## Work task
With the pictures excluded, reproduce all of the data exactly.

## Recorded information

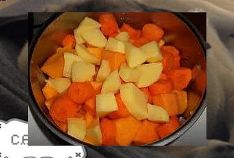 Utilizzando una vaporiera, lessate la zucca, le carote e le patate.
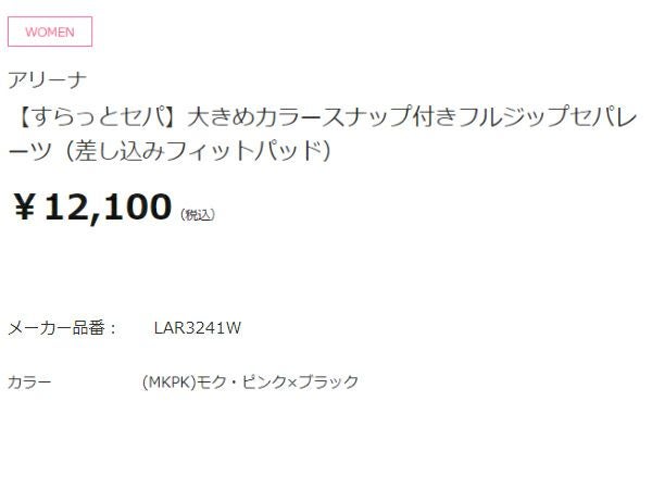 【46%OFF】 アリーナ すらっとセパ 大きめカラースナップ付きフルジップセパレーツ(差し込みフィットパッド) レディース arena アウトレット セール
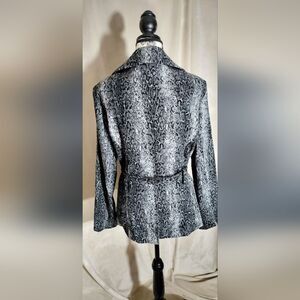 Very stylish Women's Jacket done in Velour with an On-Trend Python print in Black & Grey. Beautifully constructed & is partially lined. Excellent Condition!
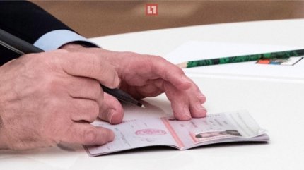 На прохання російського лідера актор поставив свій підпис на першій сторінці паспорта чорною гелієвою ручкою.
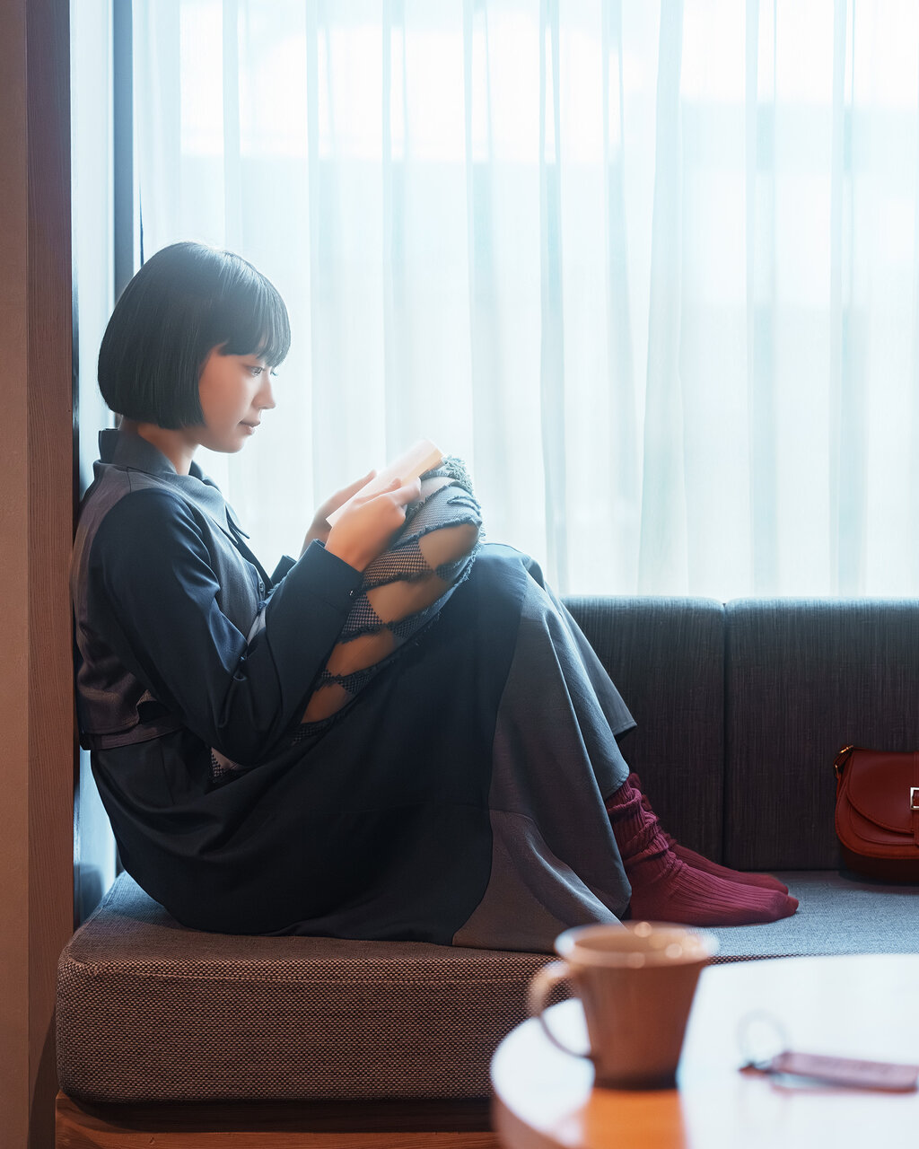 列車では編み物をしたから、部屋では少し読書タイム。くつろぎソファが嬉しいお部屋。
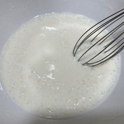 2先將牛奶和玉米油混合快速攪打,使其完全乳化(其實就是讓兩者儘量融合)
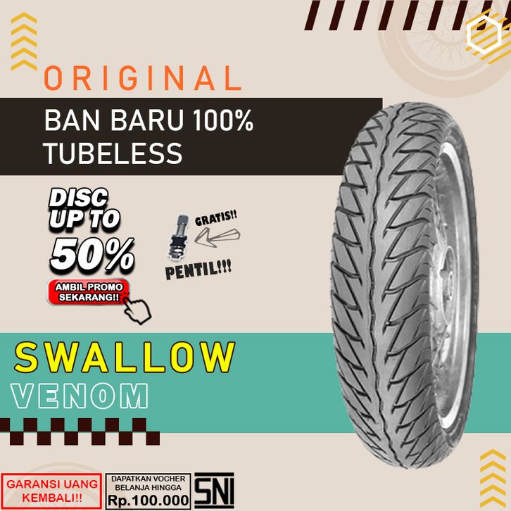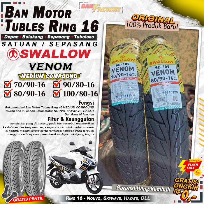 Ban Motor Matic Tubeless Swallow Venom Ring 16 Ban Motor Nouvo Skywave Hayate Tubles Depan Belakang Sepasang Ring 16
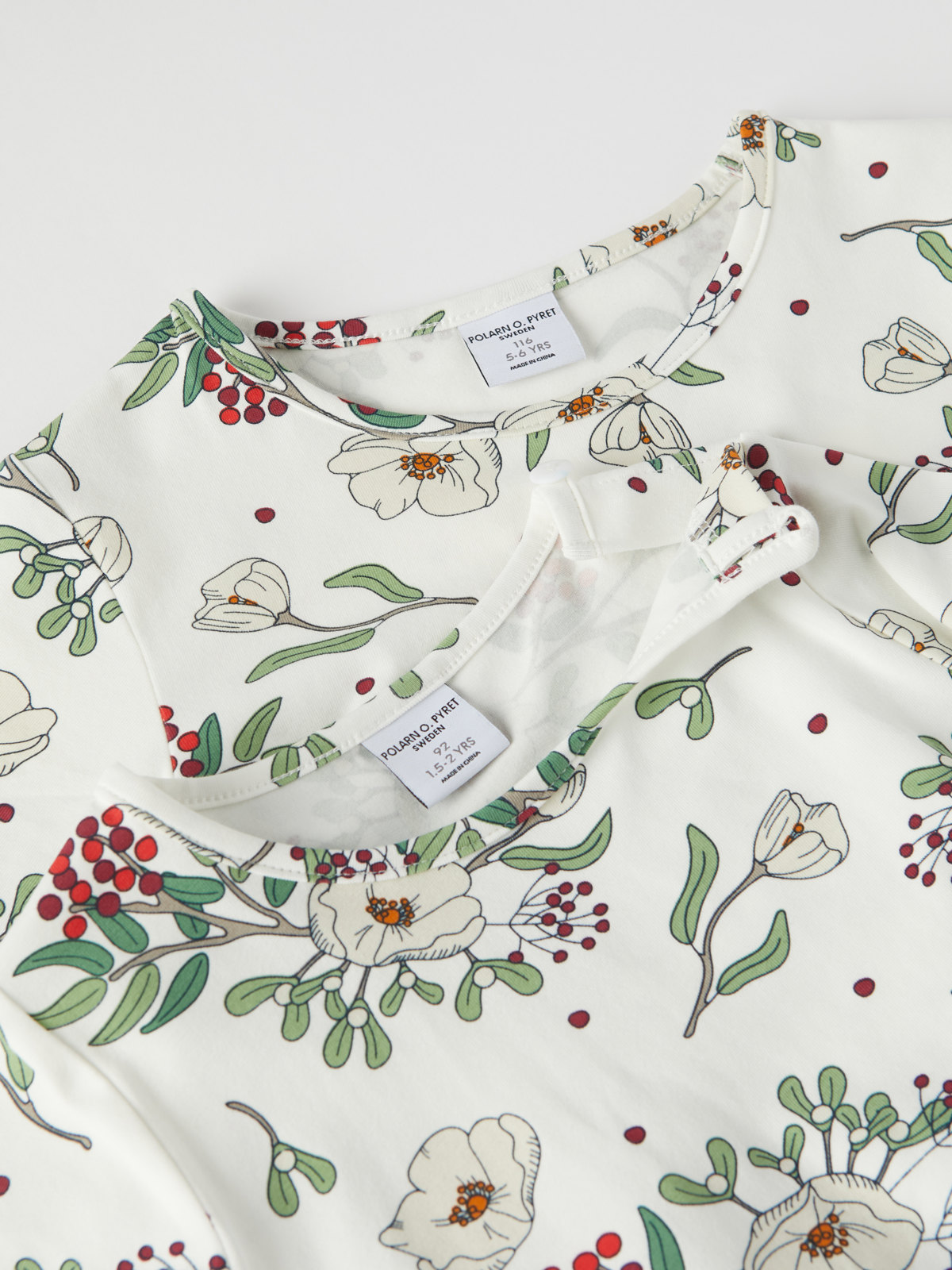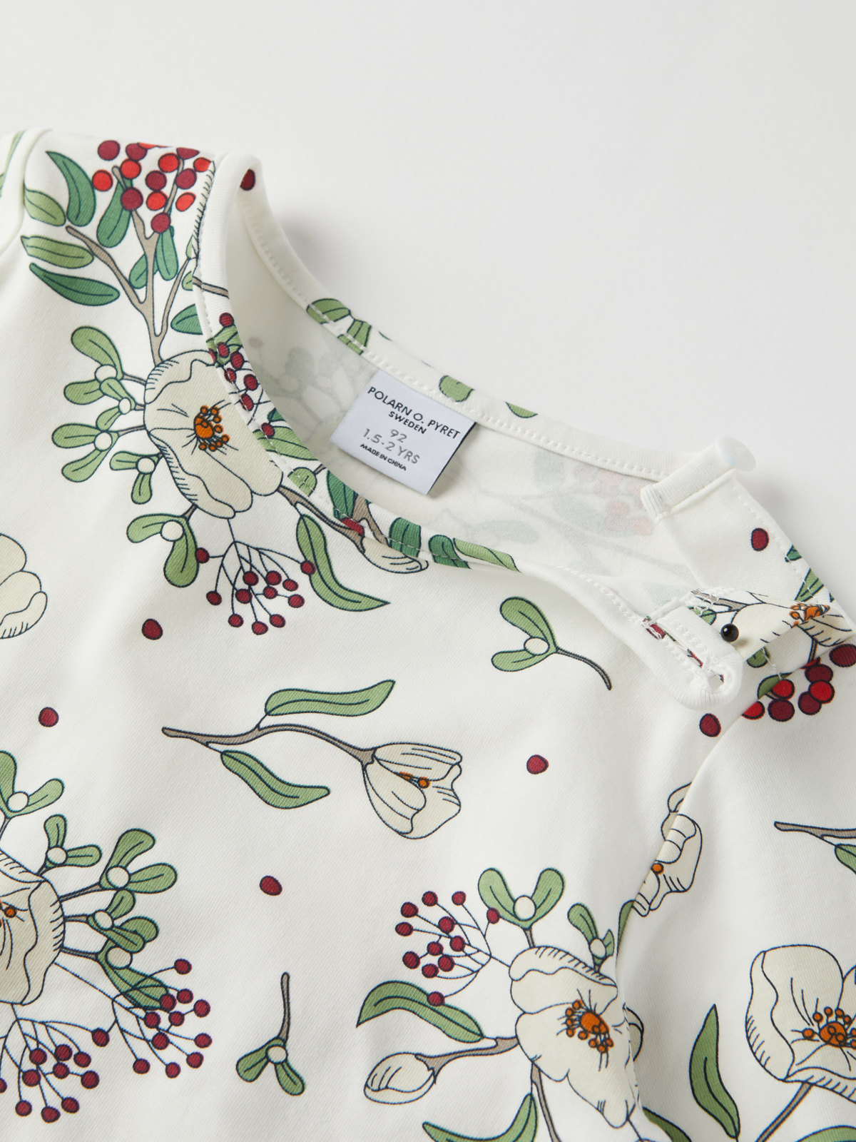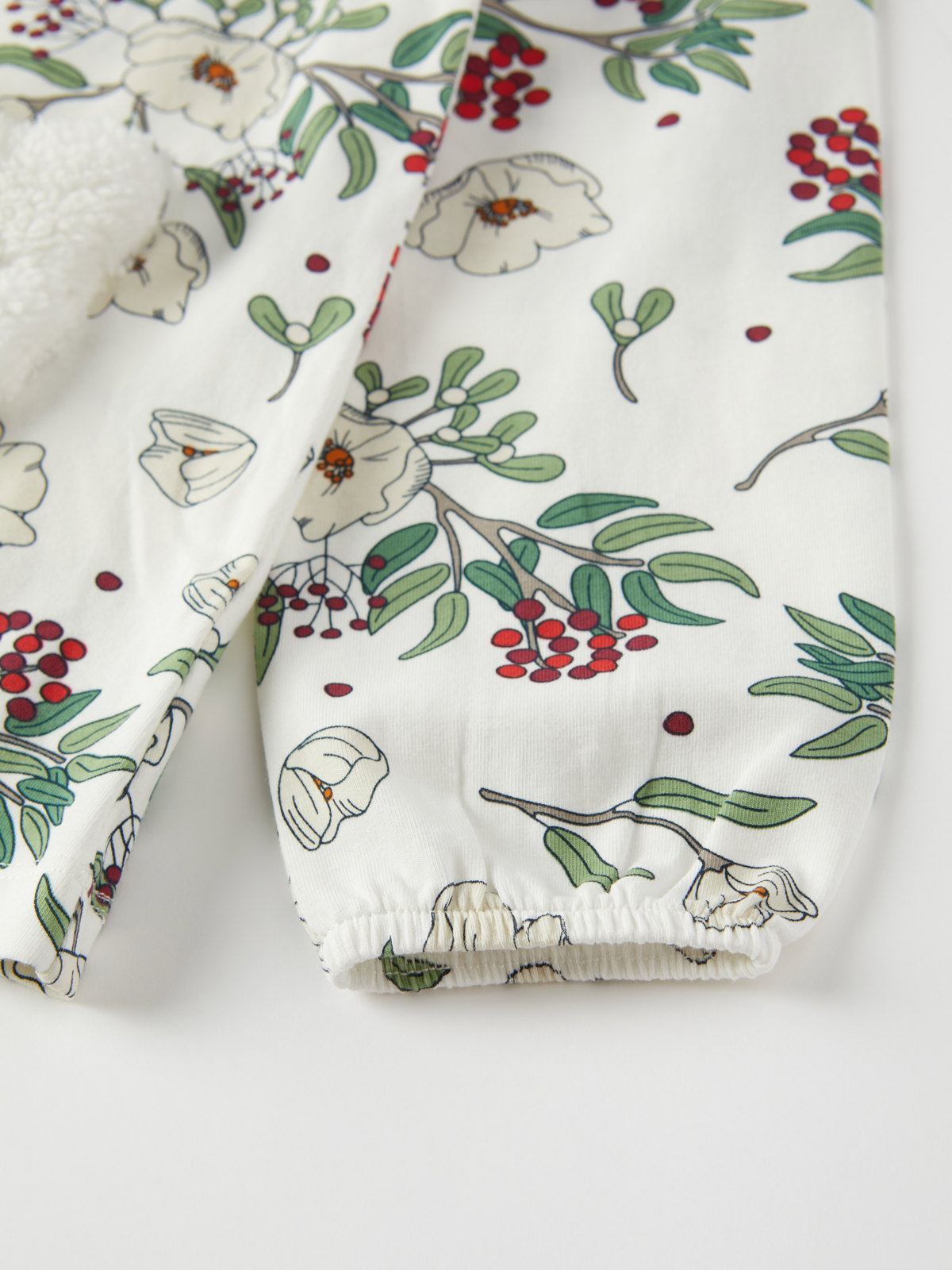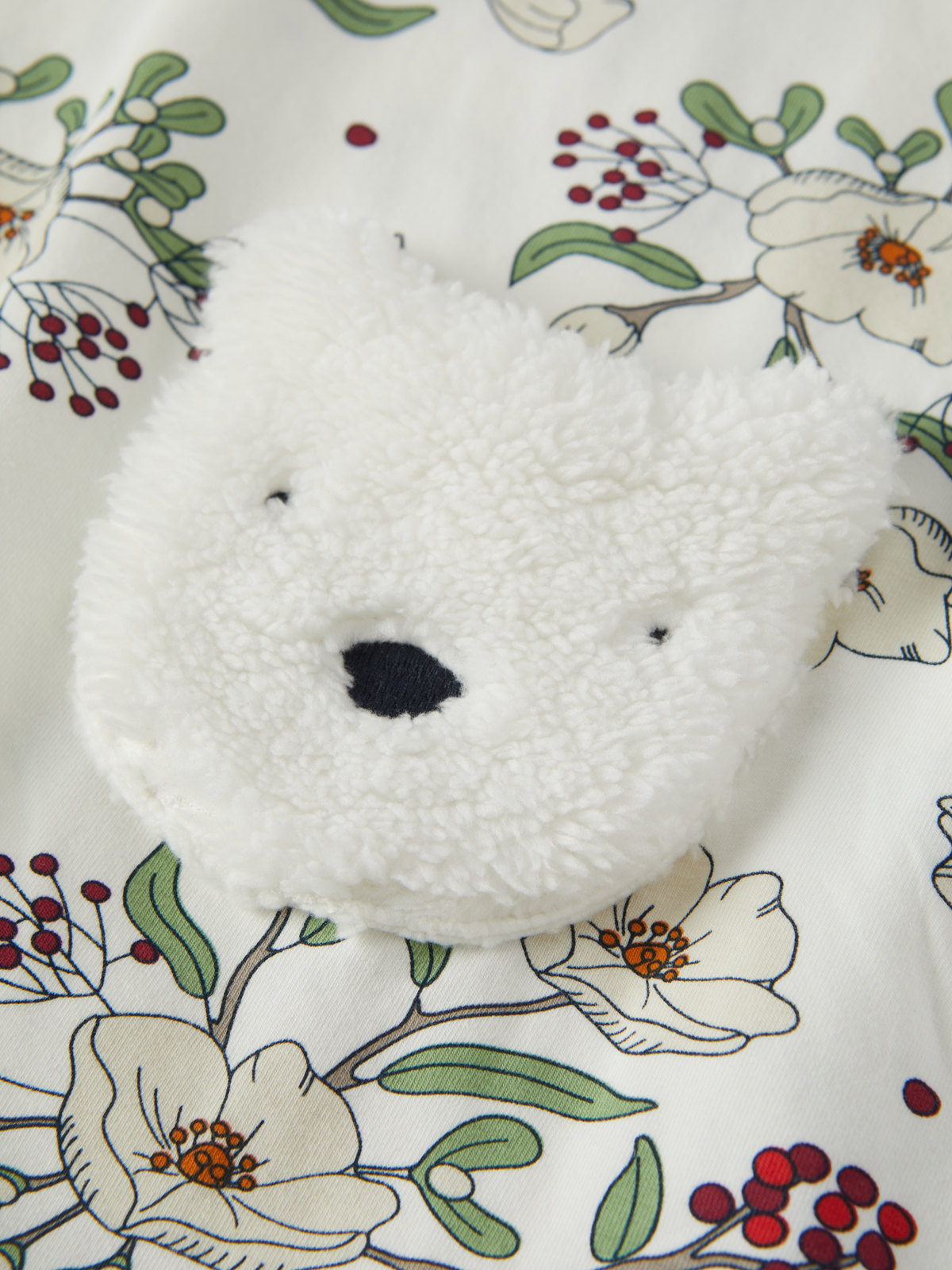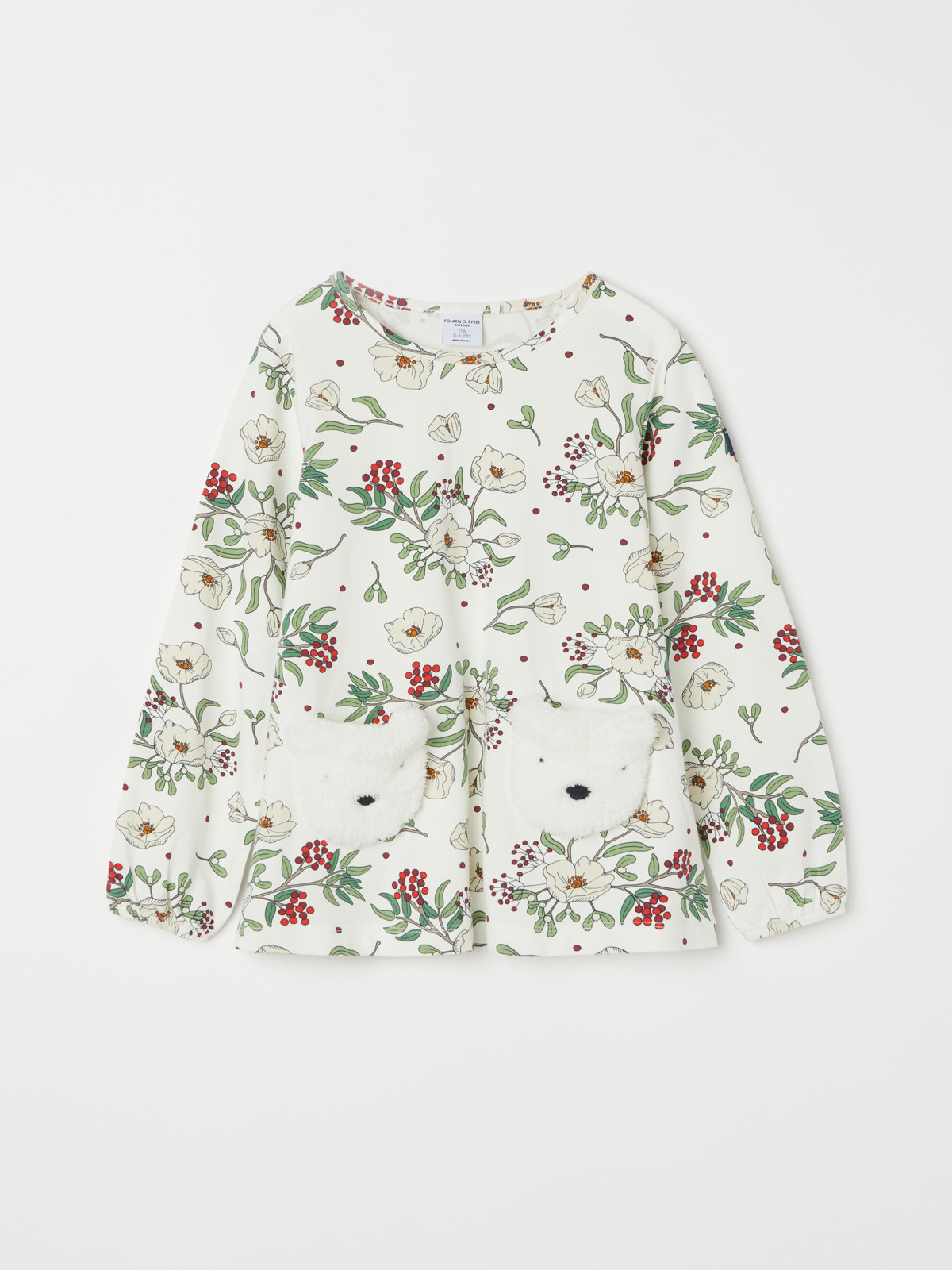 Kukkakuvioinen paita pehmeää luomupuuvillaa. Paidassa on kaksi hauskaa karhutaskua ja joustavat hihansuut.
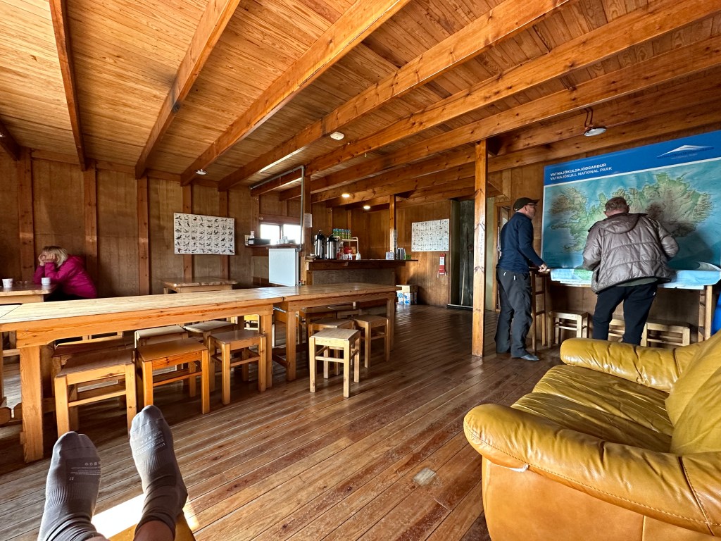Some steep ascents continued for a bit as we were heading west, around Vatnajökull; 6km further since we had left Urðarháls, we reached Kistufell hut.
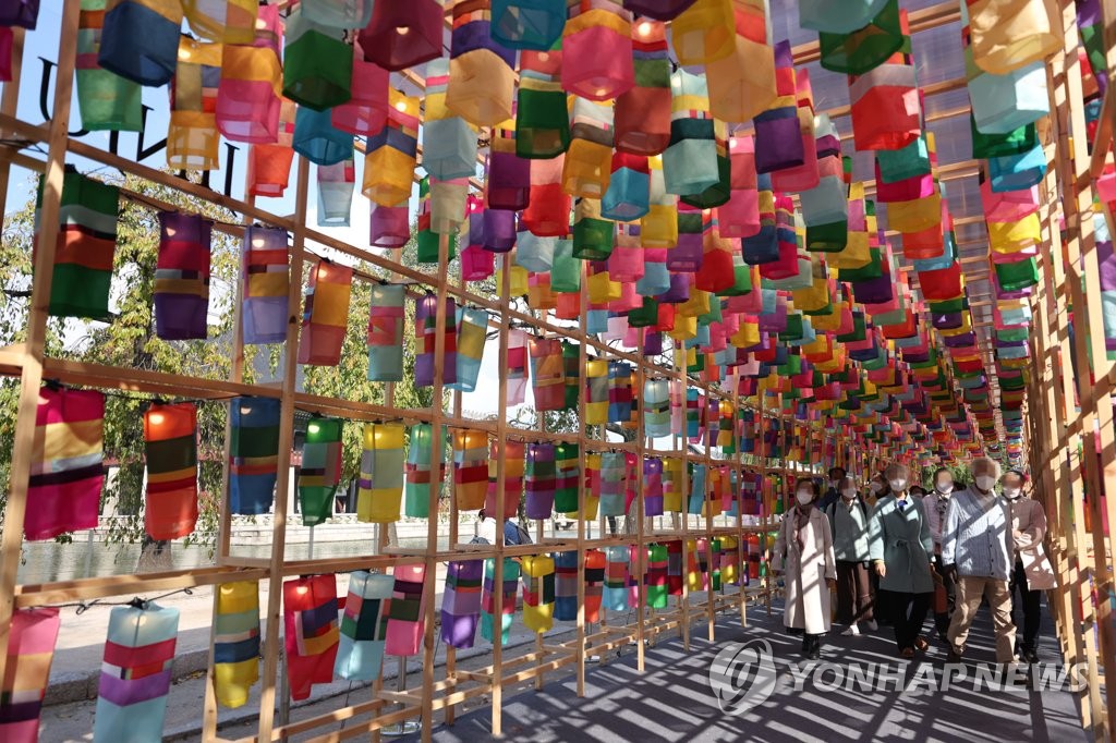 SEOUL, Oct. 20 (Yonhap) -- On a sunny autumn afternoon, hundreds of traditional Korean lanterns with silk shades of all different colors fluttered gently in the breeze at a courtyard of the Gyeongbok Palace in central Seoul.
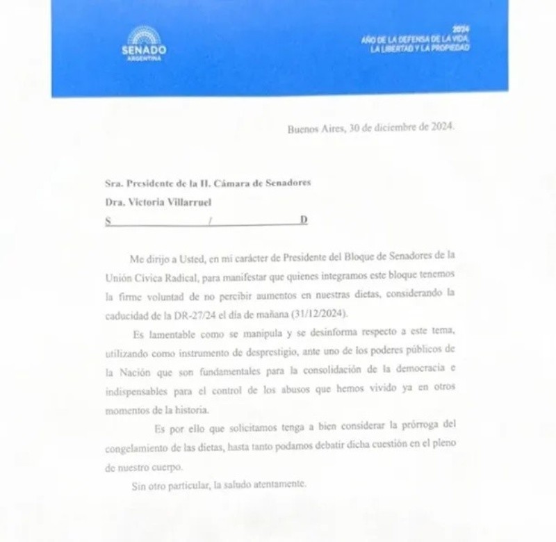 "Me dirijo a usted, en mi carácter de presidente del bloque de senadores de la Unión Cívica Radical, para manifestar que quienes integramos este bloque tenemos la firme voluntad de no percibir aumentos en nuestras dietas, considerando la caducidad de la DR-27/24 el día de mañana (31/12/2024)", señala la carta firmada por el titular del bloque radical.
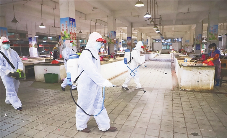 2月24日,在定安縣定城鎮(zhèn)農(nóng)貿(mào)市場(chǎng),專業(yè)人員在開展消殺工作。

## Response area
 Utilizzando una vaporiera, lessate la zucca, le carote e le patate.
 【46%OFF】 アリーナ すらっとセパ 大きめカラースナップ付きフルジップセパレーツ(差し込みフィットパッド) レディース arena アウトレット セール
 Very stylish Women's Jacket done in Velour with an On-Trend Python print in Black & Grey. Beautifully constructed & is partially lined. Excellent Condition!
 На прохання російського лідера актор поставив свій підпис на першій сторінці паспорта чорною гелієвою ручкою.
 列車では編み物をしたから、部屋では少し読書タイム。くつろぎソファが嬉しいお部屋。
 2先將牛奶和玉米油混合快速攪打,使其完全乳化(其實就是讓兩者儘量融合)
 Ban Motor Matic Tubeless Swallow Venom Ring 16 Ban Motor Nouvo Skywave Hayate Tubles Depan Belakang Sepasang Ring 16
 Kukkakuvioinen paita pehmeää luomupuuvillaa. Paidassa on kaksi hauskaa karhutaskua ja joustavat hihansuut.
Some steep ascents continued for a bit as we were heading west, around Vatnajökull; 6km further since we had left Urðarháls, we reached Kistufell hut.
 SEOUL, Oct. 20 (Yonhap) -- On a sunny autumn afternoon, hundreds of traditional Korean lanterns with silk shades of all different colors fluttered gently in the breeze at a courtyard of the Gyeongbok Palace in central Seoul.
 "Me dirijo a usted, en mi carácter de presidente del bloque de senadores de la Unión Cívica Radical, para manifestar que quienes integramos este bloque tenemos la firme voluntad de no percibir aumentos en nuestras dietas, considerando la caducidad de la DR-27/24 el día de mañana (31/12/2024)", señala la carta firmada por el titular del bloque radical.
 2月24日,在定安縣定城鎮(zhèn)農(nóng)貿(mào)市場(chǎng),專業(yè)人員在開展消殺工作。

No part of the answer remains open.